#### Action item
Transcribe exactly, and without pictures, only the lines from the one bearing "Oversized size pregnant" through the final line of the data below.

#### Records

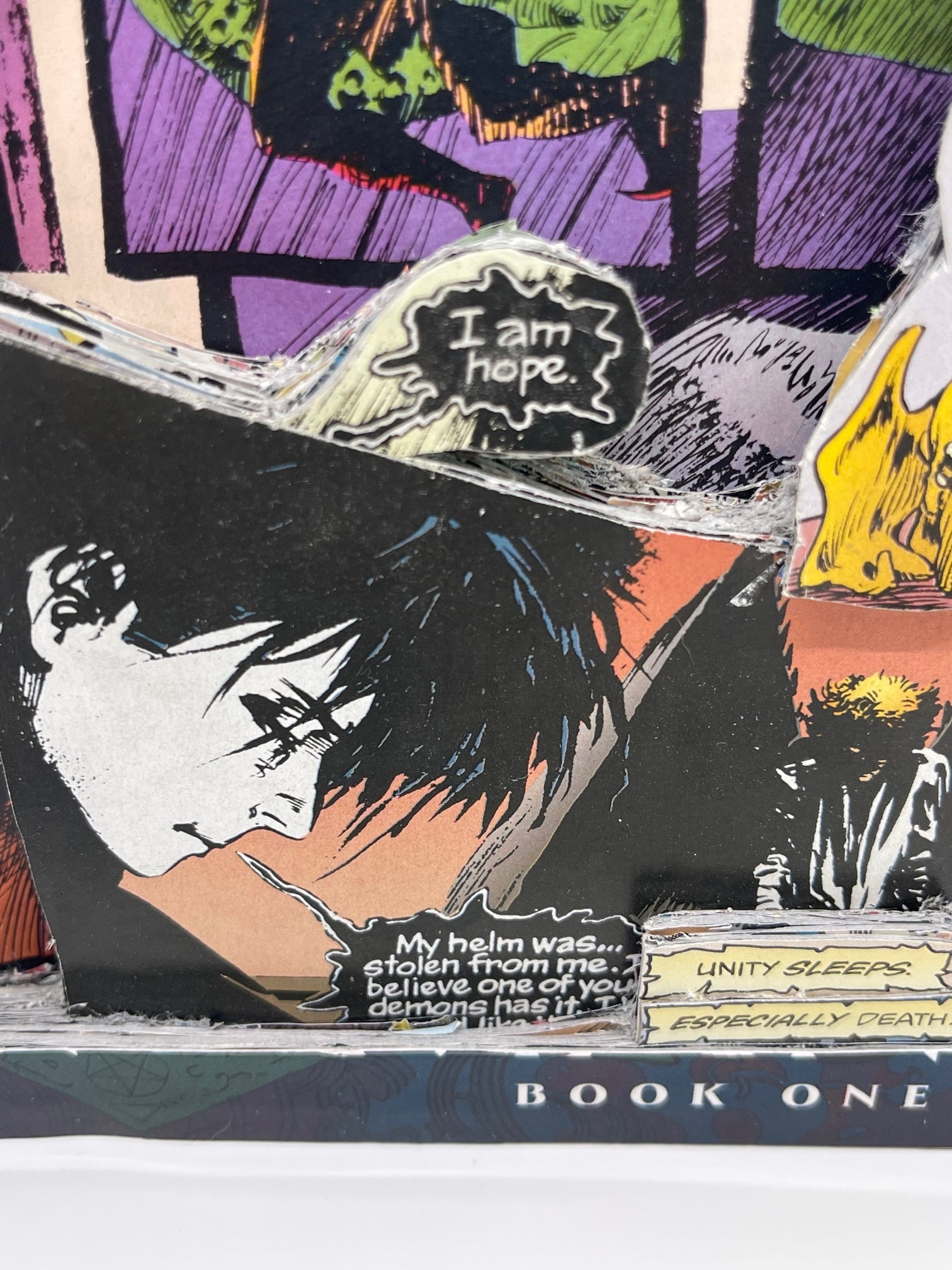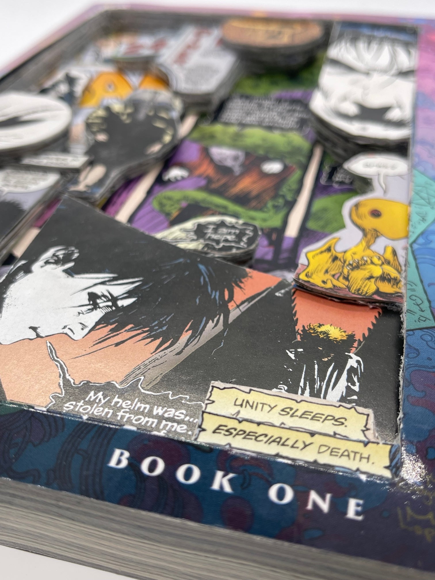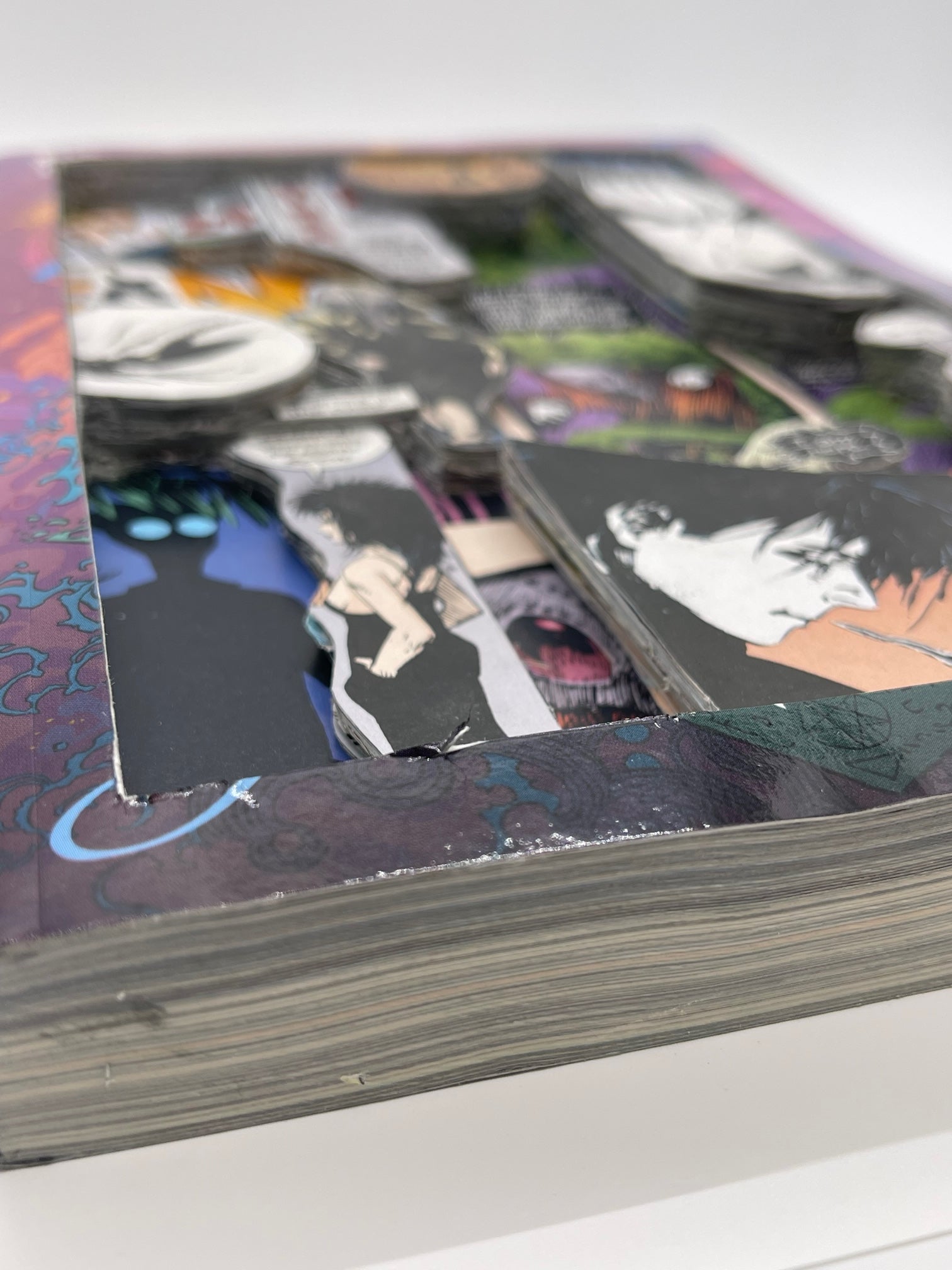 This is the first graphic novel that I have worked with. It is also distinct from my other carvings because it is not a hardcover. I felt comfortable carving it because of its thickness. I love Neil Gaiman’s work and decided to seek out this collaboration after watching the Netflix series.
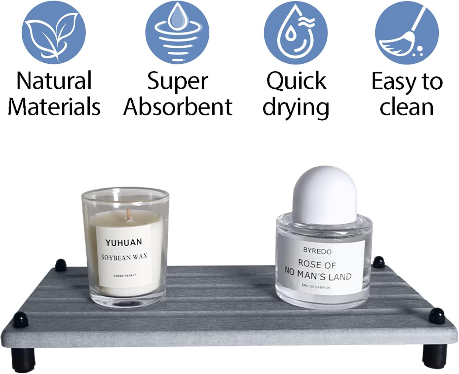 - 【Multifunctional】This versatile diatomite tray works perfectly for bathroom sinks and kitchen counters. Ideal as a drying base for soap, cups, hand soap bottles and cosmetics. Keeps surfaces dry and tidy for a cleaner, more organized space.
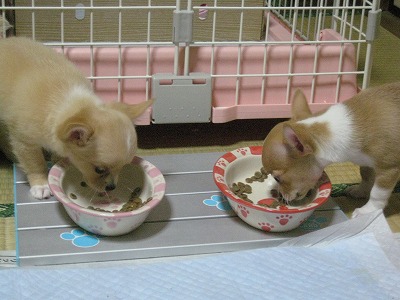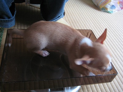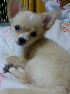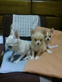 しかし、暑い!連日35度。でも、茨城はまだ涼しいみたいだ・・・・。まず、一昨日の話。私には、三つ上の姉がいて三人の男の子がいる。下二人を連れて来た。姉は、実家なので、月1.2回ちょっと寄る程度に顔を見せる。ご飯は食べていくことはない。今回、お出迎えワンコ三匹!姉は、犬が苦手である。(これは、長男も同じ)。びっくりした姉!「なんで、増えているのよ!!」(減ったんだけど・・・)今まで、姉が来た時は茶の間には出さず、おとなしかったこともあり、気付かなかったのだ。最近、来ていなかった三男は知らなかったが、長男、次男は、何度か見ていたのでもちろん知っていた。「R君(次男)、言わなかったの?」「うん!」「S(長男)も言ってないの?」男の子って、本当に無駄なことは言わないんだ・・・・。と言うか、次男の場合、自分の母親がどのぐらい驚くか見たかったんだろうね!口が堅い!というか、姪っ子だったら、絶対に言っていると思った話。知っていますか?さきちゃんの尻尾の先は、白い!んだよ。体重を測っているのが、気に入ったらしい。いただいたサンプルの洋服を着せられたみいみだもんね。机の下が好き!ハイネックのものは、スムースの方が似合うなぁ!お洋服なら、ベテランちかちゃん!今日の写真の背景が悪すぎる!さきは、1kg超えたようだ。食べ物をそれぞれにやると、みいみよりも食べるのが早い。やはり、身体が大きいからだろう。ちかは、2.1kgを超えていた。ほぼ断乳もしたので、今夜からライト食へ。ロングとスムースがいると、違いがわかる。骨格は、スムースの方がしっかりしている。ロングは華奢な感じ。寝るときは、少しでもやわらかい場所を選ぶさきと違い、板の上とか買ってあったアルミ板の上でもどこでも寝るのがみいみ。性格の違いなのかわからないが、スムースのさきの方が、ふわふわ感を求めている気がする。午前中。やっとお休みの夫さんを連れてけんしんへ。「いつもお世話になっているんだから!」と口座を作らせ、定期を作る。10時も過ぎて暑かったので、お供はちかだけ。それも歩かせず、膝の上。その後、夫さんは、アキバに行った。アキバといえば、AKBの子が恋人との写真が流れてクビと聞いた。もちろん誰だかわからないけど、年を見て「15歳」!!おいおい!15でクビって??わかんないーー。
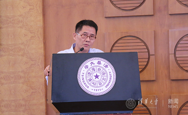 新雅书院2016级班主任、物理学系教授姜开利老师代表新雅全体教师和导师发言。他诙谐幽默地回忆了自己担任班主任的收获和喜悦。他认为,通识教育包括人文教育、艺术教育和科学教育,人文教育的目的是教会“爱”,艺术教育和科学教育的目的是教会“发现”和“创造”。姜老师借用闻一多先生的话“诗人的天赋是爱,爱他的祖国,爱他的人民”概括他任班主任的心得:“教师的天赋是爱,爱他的讲堂,爱他的学生”。
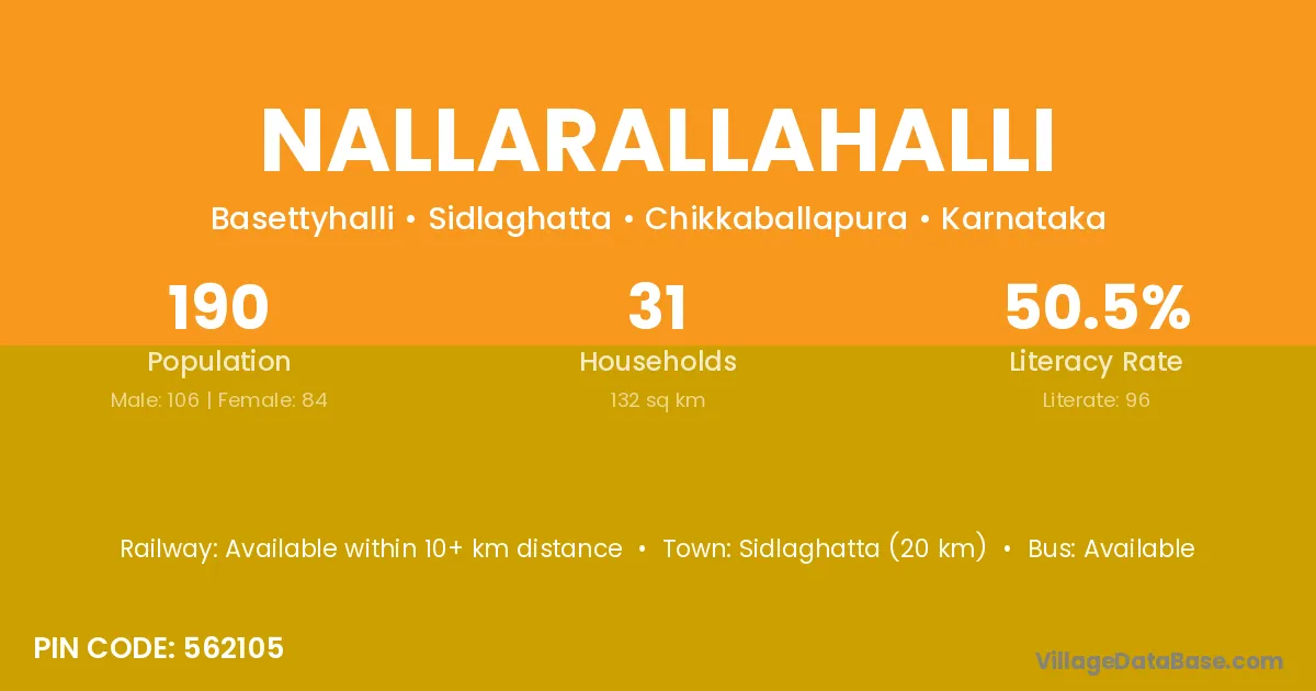 Sidlaghatta (20 km) is the nearest town to Nallarallahalli village for major economic activities and is located approximately 20 km away.
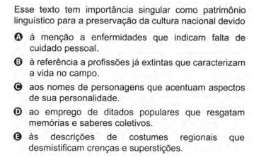 Essa questão, embora possa ser identificada como uma questão “de literatura”, está associada aos estudos de introdução à linguagem no documento Matriz de Referência Enem, do Inep. A Habilidade 20 descrita no documento prevê: “Reconhecer a importância do patrimônio linguístico para a preservação da memória e da identidade nacional”. O termo “patrimônio linguístico” é recorrente nos enunciados de questões do Enem como essa, que se repetem ano a ano. Embora mobilize a habilidade de leitura de um texto literário complexo e se torne mais fácil de ser resolvida com o conhecimento prévio da obra de Rosa, a questão se dedica a testar uma habilidade de reconhecimento da diversidade cultural do país através da língua.
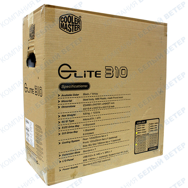 Cooler Master Elite 310 представляет собой корпус формата Midi-Tower, совместимый с материнскими платами форматов Micro-ATX и ATX. Как и все корпуса серии Elite модель 310 отличается привлекательным дизайном, компактностью, высоким качеством в сочетании с невысокой стоимостью и будет прекрасно смотреться в любом помещении.
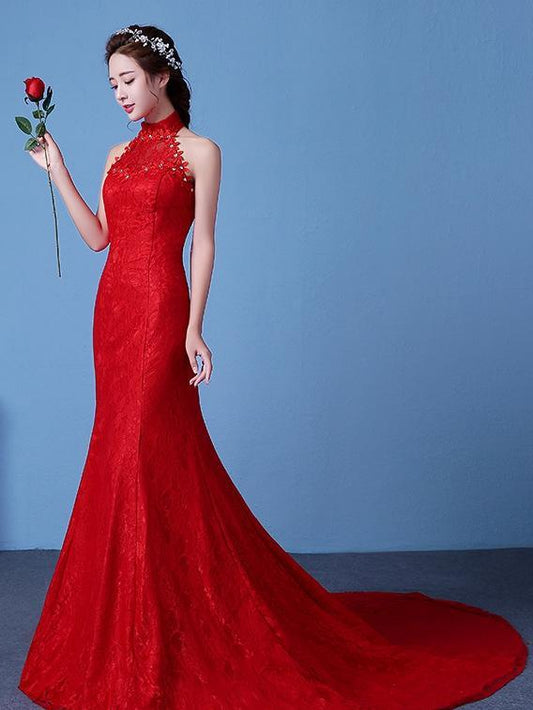 Fashion Lace Hanging Neck Slim Sleeveless Wrapped Chest Swallowtail Evening Dress
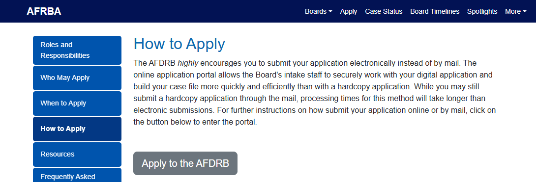 Air Force Discharge Review Board Portal Application for DD Form 293
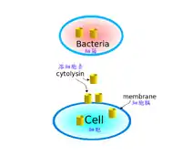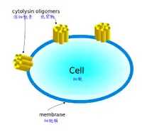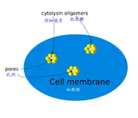 - 在靶細胞膜上造出孔洞的溶細胞素。這類溶細胞素亦被稱爲「成孔毒素」(pore-forming toxin,縮寫PTF)。大部分溶細胞素都是成孔毒素。典型的成孔毒素有氣莢膜梭菌分泌的perfringiolysin O、大腸桿菌分泌的溶血素、李斯特菌分泌的李斯特菌毒素。成孔毒素的作用範圍很廣,從一般的細胞膜,到一些比較特殊的組織,比如膽固醇和巨噬細胞的膜[6]。
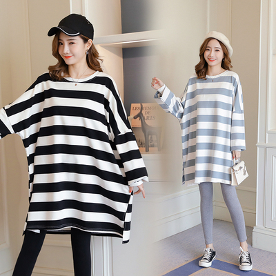 Oversized size pregnant women's necropolis dress women's spring and autumn medium long version Fat mm stripes loose long sleeve blouse tide 200 catty
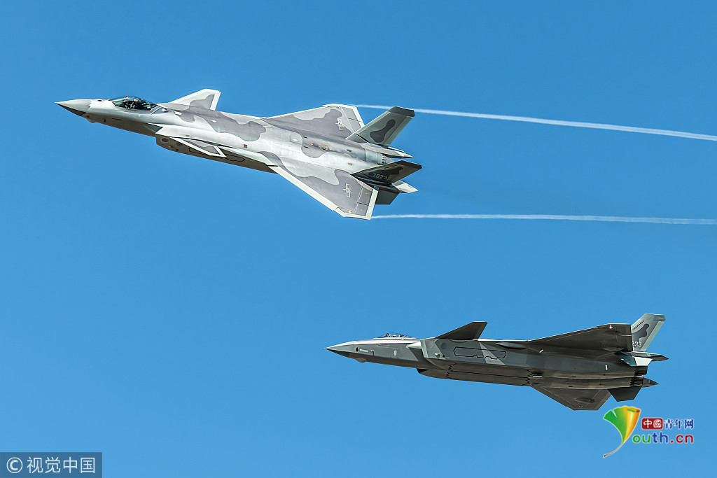 圖五:2018年11月6日,廣東珠海航展上,兩架殲-20戰(zhàn)機(jī)組成雙機(jī)編隊(duì)進(jìn)行飛行表演。
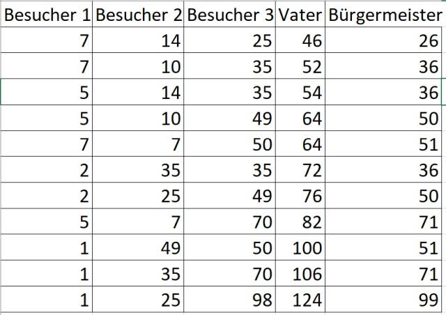 Mal sehen, ob ich sie richtig aufschreiben kann. ;) "Heute waren nur drei Leute im Schwimmbad" sagt der Bademeister zu seinem Kollegen. "Wie alt waren sie denn?" fragt dieser.* "Wenn man ihre Alter multipliziert erhält man 2450, wenn man ihre Alter addiert, sind sie so alt wie dein Vater.", antwortet der Bademeister. Sein Kollege überlegt kurz, "Ich glaube das ist nicht lösbar".* "Ah, stimmt, alle sind jünger als der Bürgermeister". "Okay, jetzt weiß ich es", sagt der Kollege. Wie alt ist der Bürgermeister, wie alt der Vater und wie alt die drei Schwimmbadbesucher? |
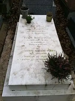 À l'âge de cinquante-trois ans, il meurt d'un arrêt cardiaque le soir du [2], assis à son bureau, où la Dioptrique de Descartes était encore ouverte[22]. « Il laisse une œuvre considérable, inachevée, et singulièrement un livre auquel il travaillait et qui devait constituer son chef-d'œuvre : Le visible et l'invisible »[23]. Il est inhumé au cimetière du Père-Lachaise (52e division).
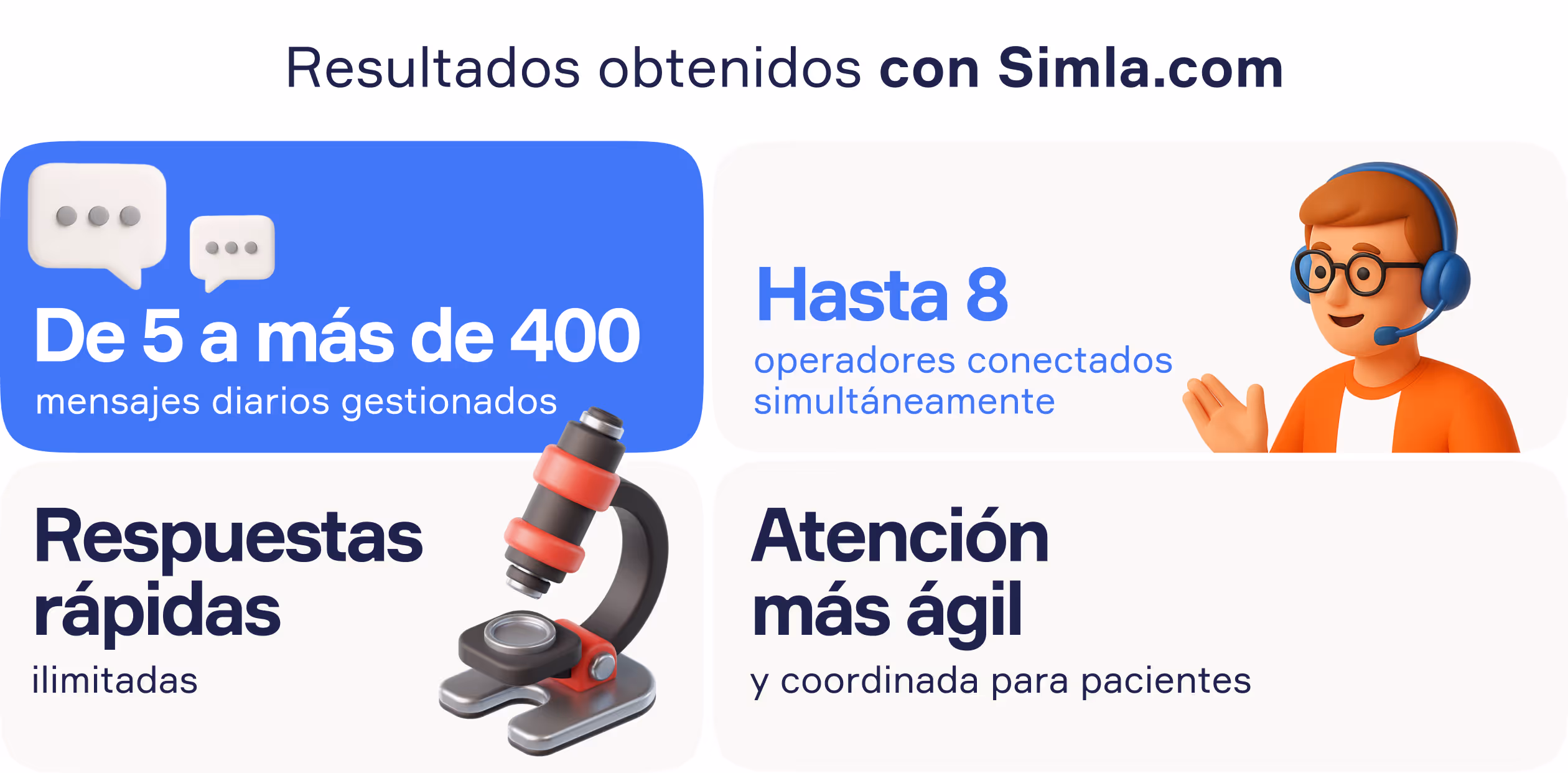 Con la implementación de Simla.com y su integración con la API de WhatsApp, el laboratorio transformó por completo su gestión. Ahora, hasta ocho operadores por turno pueden conectarse simultáneamente, acceder al historial de conversaciones y apoyarse mutuamente en la atención al paciente. Además, cuentan con respuestas rápidas ilimitadas, lo que agiliza la comunicación y asegura consistencia en los mensajes.
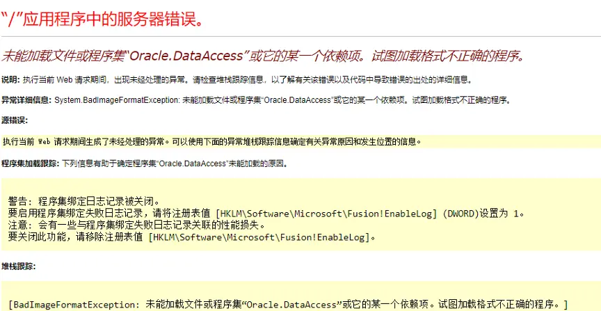 坑一:未能加载文件或程序集“Oracle.DataAccess”或它的某一个依赖项。试图加载格式不正确的程序。

#### Result of this task
 Oversized size pregnant women's necropolis dress women's spring and autumn medium long version Fat mm stripes loose long sleeve blouse tide 200 catty
 圖五:2018年11月6日,廣東珠海航展上,兩架殲-20戰(zhàn)機(jī)組成雙機(jī)編隊(duì)進(jìn)行飛行表演。
 Mal sehen, ob ich sie richtig aufschreiben kann. ;) "Heute waren nur drei Leute im Schwimmbad" sagt der Bademeister zu seinem Kollegen. "Wie alt waren sie denn?" fragt dieser.* "Wenn man ihre Alter multipliziert erhält man 2450, wenn man ihre Alter addiert, sind sie so alt wie dein Vater.", antwortet der Bademeister. Sein Kollege überlegt kurz, "Ich glaube das ist nicht lösbar".* "Ah, stimmt, alle sind jünger als der Bürgermeister". "Okay, jetzt weiß ich es", sagt der Kollege. Wie alt ist der Bürgermeister, wie alt der Vater und wie alt die drei Schwimmbadbesucher? |
 À l'âge de cinquante-trois ans, il meurt d'un arrêt cardiaque le soir du [2], assis à son bureau, où la Dioptrique de Descartes était encore ouverte[22]. « Il laisse une œuvre considérable, inachevée, et singulièrement un livre auquel il travaillait et qui devait constituer son chef-d'œuvre : Le visible et l'invisible »[23]. Il est inhumé au cimetière du Père-Lachaise (52e division).
 Con la implementación de Simla.com y su integración con la API de WhatsApp, el laboratorio transformó por completo su gestión. Ahora, hasta ocho operadores por turno pueden conectarse simultáneamente, acceder al historial de conversaciones y apoyarse mutuamente en la atención al paciente. Además, cuentan con respuestas rápidas ilimitadas, lo que agiliza la comunicación y asegura consistencia en los mensajes.
 坑一:未能加载文件或程序集“Oracle.DataAccess”或它的某一个依赖项。试图加载格式不正确的程序。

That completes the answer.